I would say that for £1000, if she has plenty of experience(&you have seen a good portfolio),if it includes photos of you getting ready until after the reception,editing & some sort of album, then thats the right price to expect.

The photographer i used to work with was very experienced, his charges were about £1300(from getting ready pics to pics after the reception plus a qaulity album&editing).
I didnt have so much experience, i used to charge £850 for the above.


----------



## Sofiekirsten

I am paying a friend to take some photos for me just because we couldnt afford a photographer, my grandad used to be a wedding photographer before he died and I said when I get married I would have him take them but thats slightly impossible now. I did see his pricelist though and for what you are having he would of charged £600 maybe slightly more depending on the album you pick.

I am paying my friend £100 to take the photos and one of the guys that used to work with my grandad is also coming and taking some photos for me for free :)


----------



## subaru555

How many photos will this include though - you need to watch out. 

Is it one album of 300 - 500? And what size will the pictures be etc...

Sometimes it's better to give you them all on disc so you can have the option to have a small album printed of the ones you like and spend the £150+ on bigger prints i.e. canvas on the ones you love !

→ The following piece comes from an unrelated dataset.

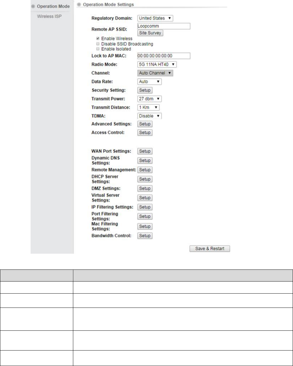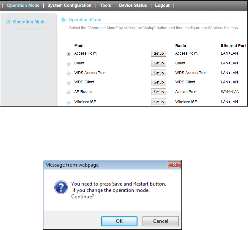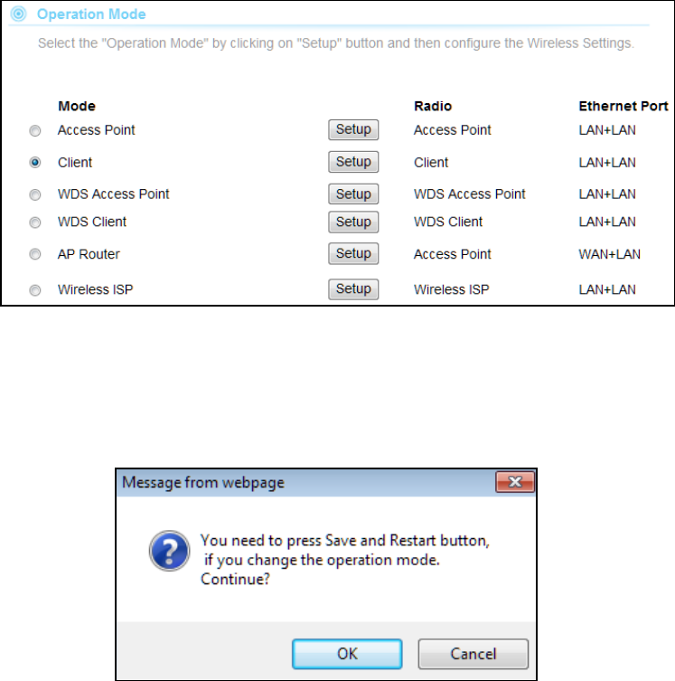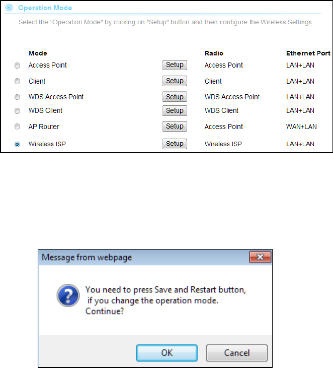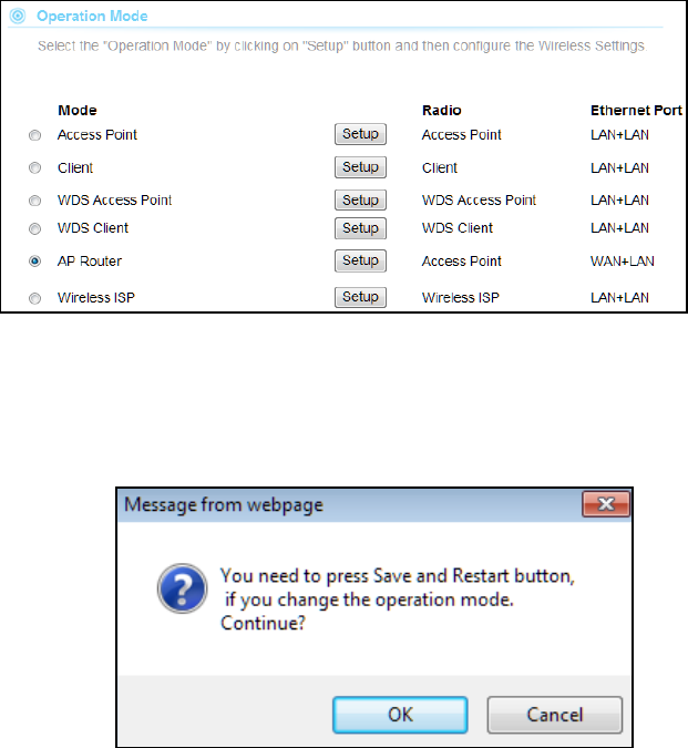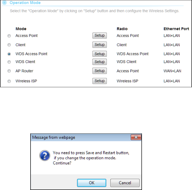 Operation Mode: Access Point/Client/WDS Access Point/WDS Client/AP Router/Wireless ISP

Good luck on whatever you decide. 

I think it is quite expensive for 500 pictures as her style is easily captured by other cheaper photographers, hope you know what I mean.

xx


----------



## honeybee2

Depends on what sort of photography your after. Your chosen photographer looks very contemporary- and they are always much more expenisve. Thankfully, my photographers are also contemporary- but also 3rd yr photography students, so although they are no where near as experienced as yours, I still got them cheap. i think its about sourcing what you want from them. All in all £1000 is alot of money- but then again... is it worth risking not paying what you want and regret it later on?

xx


----------



## amylk87

I think its reasonable, i've heard cheaper quotes, and more expensive quotes. If you like their work and can afford it, why not? xx


----------